Hill D B, Kugelmas M
Division of Digestive Diseases and Nutrition, University of Kentucky College of Medicine, Lexington 40536-0084, USA.
Postgrad Med. 1998 Apr;103(4):261-4, 267-8, 273-5. doi: 10.3810/pgm.1998.04.462.
Even modest alcohol ingestion can increase the risk of steatosis, and long-term, excessive consumption can lead to alcoholic hepatitis and eventually cirrhosis. Most patients with clinically significant alcoholic liver disease have histologic findings typical of all three conditions. The only clearly beneficial treatment is abstinence from alcohol. Abstinence in combination with proper nutrition and general supportive care is state of the art. Steatosis is reversible upon withdrawal of alcohol, but alcoholic hepatitis can persist even with abstinence and may progress to cirrhosis. Corticosteroid therapy may reduce short-term mortality rates in patients with moderate or severe alcoholic hepatitis who have hepatic encephalopathy but no evidence of infection or gastrointestinal bleeding. Treatment with colchicine may decrease the risk of cirrhosis; however, once cirrhosis has developed, the liver damage is irreversible. The prognosis is improved with abstinence, but complications (e.g., ascites, gastrointestinal bleeding) often occur. Liver transplantation may be considered in patients with severe complications.

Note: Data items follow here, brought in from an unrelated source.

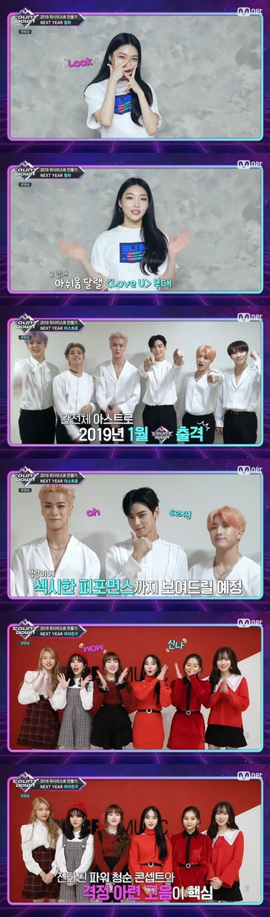 두번째 주자 아스트로는 "엠카 위시리스트를 책임질 완전체 아스트로다. 2019년 1월 엠카 출격"이라며 소리쳤다. "더욱 청량해진 아스트로의 분위기, 섹시한 아스트로의 퍼포먼스, 1월에 찾아올 아스트로를 기다려달라"고 말했다.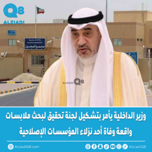 أمر النائب الأول لرئيس مجلس الوزراء ووزير الدفاع ووزير الداخلية الشيخ فهد اليوسف الصباح بتشكيل لجنة تحقيق خاصة للوقوف على ظروف واقعة وفاة أحد نزلاء المؤسسات الإصلاحية.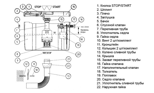Ao substituir o tanque de drenagem, o esquema de sua operação não é tão importante, porque os mecanismos internos de um novo produto geralmente são instalados no interior ou uma instrução de instalação individual é anexada a eles.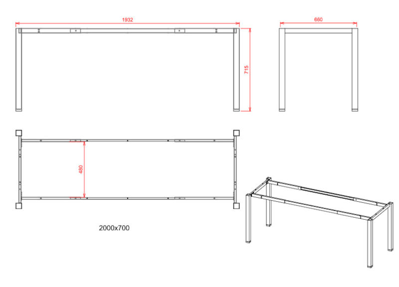 Pöytälevy on valmistettu 25 mm paksusta MDF-levystä, joka on pinnoitettu laminaatilla. Siinä on 10 mm reunalista ABS-muovista. Korkeus 740 mm sisältäen pöytälevyn.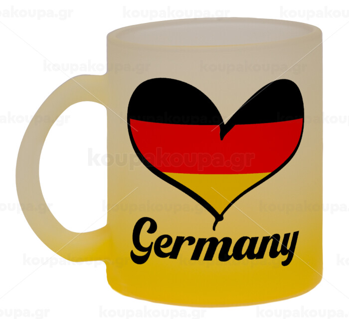 Germany flag, Κούπα γυάλινη δίχρωμη με βάση το κίτρινο ματ, 330ml
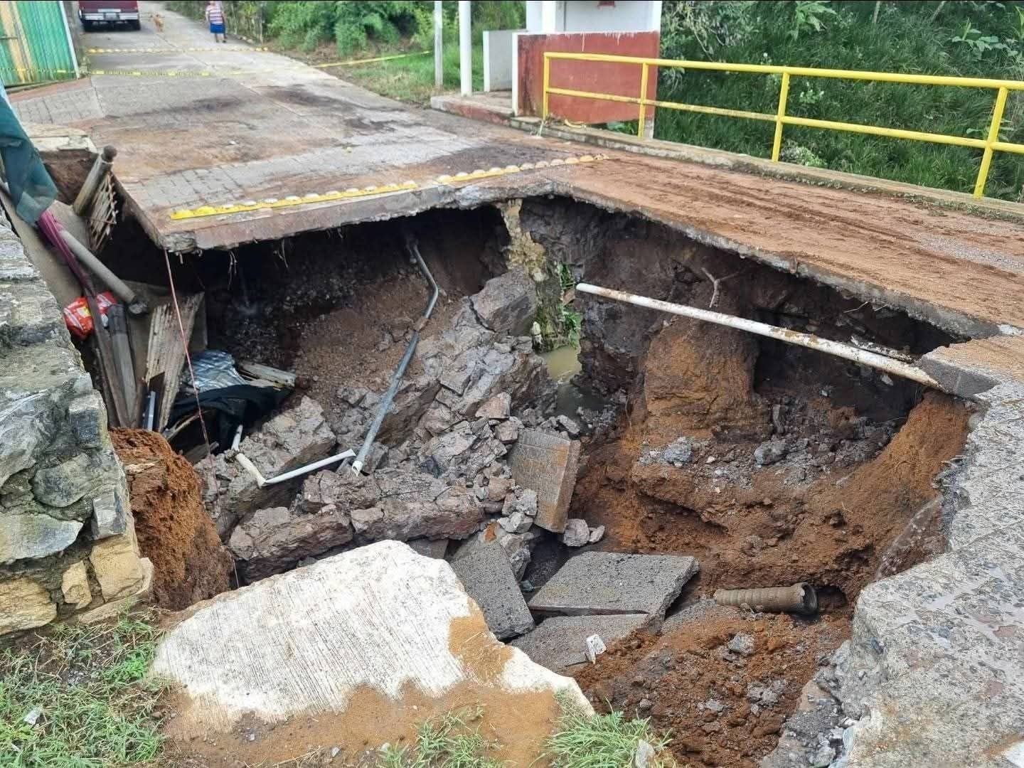 Mientras tanto, se recomienda a la población no intentar cruzar la zona colapsada, debido al riesgo de nuevos desprendimientos ocasionados por la corriente del río.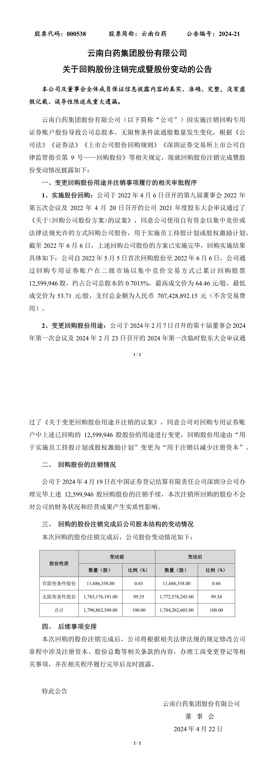 关于云南白药集团股份有限公司2023年度股东大会的法律意见

即使适度饮酒也会增加脂肪变性的风险,长期过量饮酒会导致酒精性肝炎,并最终发展为肝硬化。大多数有临床意义的酒精性肝病患者都有这三种病症典型的组织学表现。唯一明确有益的治疗方法是戒酒。戒酒并结合适当的营养和一般支持性护理是目前的最佳治疗方案。脂肪变性在戒酒时是可逆的,但酒精性肝炎即使在戒酒后仍可能持续存在,并可能进展为肝硬化。皮质类固醇疗法可能会降低患有中度或重度酒精性肝炎且有肝性脑病但无感染或胃肠道出血证据的患者的短期死亡率。秋水仙碱治疗可能会降低肝硬化的风险;然而,一旦肝硬化形成,肝脏损伤就是不可逆的。戒酒可改善预后,但并发症(如腹水、胃肠道出血)经常发生。对于有严重并发症的患者可考虑肝移植。